The ambitious scheme, which includes a museum, café and shop on the site of the Sole Bay Car Spares yard at the end of Blyth Road, was approved by Waveney District Council's development control committee on Wednesday night - but work can only start once the access has been improved.

John Windell, who spoke at the meeting on behalf of Southwold Town Council, said that the access route was a designated footpath and, although it was full of potholes, it should not be turned into a road.

Mr Windell said that any issues of contamination on the site needed to be resolved. “For 70 years, it was the town tip and who knows what rubbish was left there then. For the last 30 years it has been a breaker's yard and we are looking at battery acid, oil and brake fluid still there,” he said.
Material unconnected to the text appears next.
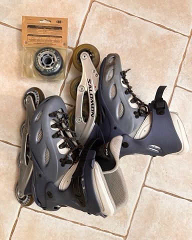 Hyväkuntoiset Salomon rullaluistimet, koko 45 2/3 (29 cm). Hinta 20 €. Postikulut 10,90 €.

A narrow gauge railway started running between Southwold and Halesworth in 1879, but closed in 1929 when it could no longer compete with a new bus service. Sue Allen, district councillor for Southwold and Reydon, said: “The access problem is a real worry and until that is sorted out this is a difficult proposition, but I'm in favour of the whole idea.”

The scheme was approved with the conditions that the access road be upgraded and approved by the Highways Authority, that measures suggested by the Environment Agency to deal with potential contamination be put in place and that details of any steam whistles be agreed.

John Bennett, of the Southwold Railway Trust, said: “This park will celebrate the heyday of British steam engineering in an educational and entertaining manner. It will be a family visitor attraction based around a serious heritage project.”

He told the meeting that the Trust's members were prepared to underwrite the cost of surfacing Blyth Road to improve the access, although details of the project have yet to be arranged.

Trust members are already working on creating a replica Sharp Stewart locomotive - the type of train which would have been used on the old Southwold railway - to run in the park. Part of the existing shed on the site will be transformed into a workshop so that similar engineering projects can be carried out on site.